A cet égard, il faut relever que les coupures de presse annonçant que l'intimée séparait ses activités de recherches sont postérieures (novembre 2002) au départ de l'appelant de chez E__________ (décembre 2001) et qu'il ne peut être tenu compte à cet égard du témoignage de D_________ en tant qu'il indique que T_________ était « du côté acheteur » chez son nouvel employeur F_________, ce qui était « complètement entièrement différent », l’intéressé ne travaillant pas ou n’ayant pas travaillé pour F_________ et ne pouvant, dès lors, que témoigner indirectement au sujet des activités concrètement exercée par l'appelant chez de son nouvel employeur.

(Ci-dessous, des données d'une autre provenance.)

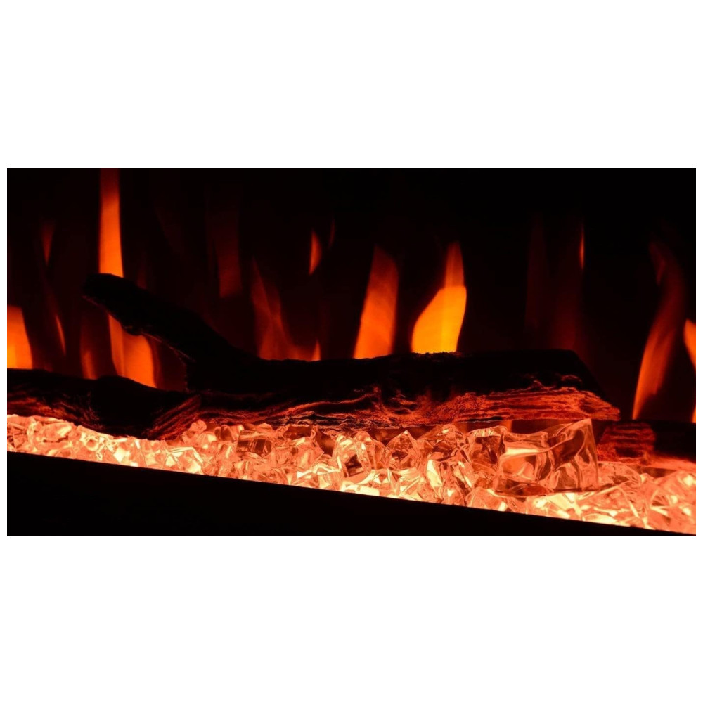 Lenha Falsa, Madeira Flutuante e Cristais Incluídos: Este conjunto inclui lenhas falsas e cristais para criar uma sensação autêntica. Opera com 1500 watts e uma voltagem de 120V. Recomenda-se que esta lareira seja posicionada pelo menos 20 cm abaixo do teto ou de qualquer item montado acima da lareira.

Enfin, peu importe la dénomination du département auquel l'appelant est rattaché ou la dénomination de son activité, seule comptant la nature réelle de son activité.
Dès lors qu'il exerce chez son nouvel employeur également une activité d'analyste financier, celle-ci entre en concurrence avec l’activité de même nature à laquelle il se livrait chez E__________, de sorte que l'appelant ne remplit pas la condition d'octroi du bonus différé.
T________ doit ainsi être débouté de ses conclusions sur ce point.
2.5. Enfin, l'appelant réclame la partie différée de son bonus afférent à l'année 2001.
Selon l'art. 17 des "Principes généraux de rémunération des collaborateurs du secteur des ventes institutionnelles" précité, le collaborateur qui a donné son congé ou qui a été licencié n'a pas droit au bonus pour l'année en cours.
Dès lors qu’il a résilié son contrat en 2001, l’appelant n'a pas droit à un bonus pour cette année-là, de sorte qu’il ne peut pas non plus prétendre avoir droit à la perception de sa partie différée.
En conséquence, l'appelant sera également débouté de ses prétentions sur ce point.
T______________, qui réclamait en appel la somme de fr. 1'194'589.35 ainsi qu'un montant indéterminé correspondant au bonus différé afférent à l'année 2001, que le Tribunal ne lui avait pas octroyés, n'obtient, en définitive, satisfaction qu’à hauteur de fr. 533'015.70. Dès lors, il apparaît que ses conclusions étaient exagérées et que cet excès a porté à conséquence sur l'émolument de mise au rôle de fr. 8'000.- qu'il a payé (art. 176 al. 2 LPC, applicable par renvoi de l’art. 11 LJP), de sorte qu'il se justifie qu'il supporte la moitié dudit émolument, le solde étant mis à la charge de sa partie adverse.
PAR CES MOTIFS
La Cour d'appel des prud'hommes, groupe 4,
A la forme :
Reçoit l'appel interjeté par T______________ contre le jugement du Tribunal des prud'hommes du 2 avril 2004 rendu en la cause n° C/161/2003-4.
Au fond :
Et statuant à nouveau :
Condamne E________ à verser à T________ la somme de fr. 533'015.70, avec intérêts dès le 1er janvier 2002.
Invite la partie qui en a la charge à opérer les déductions sociales et légales usuelles.
Var 1
Var 3
Condamne E__________ à verser à T_________ la moitié de l'émolument d'appel dont celui-ci s'est acquitté, soit la somme de fr. 4'000.-.
Déboute les parties de toutes autres conclusions.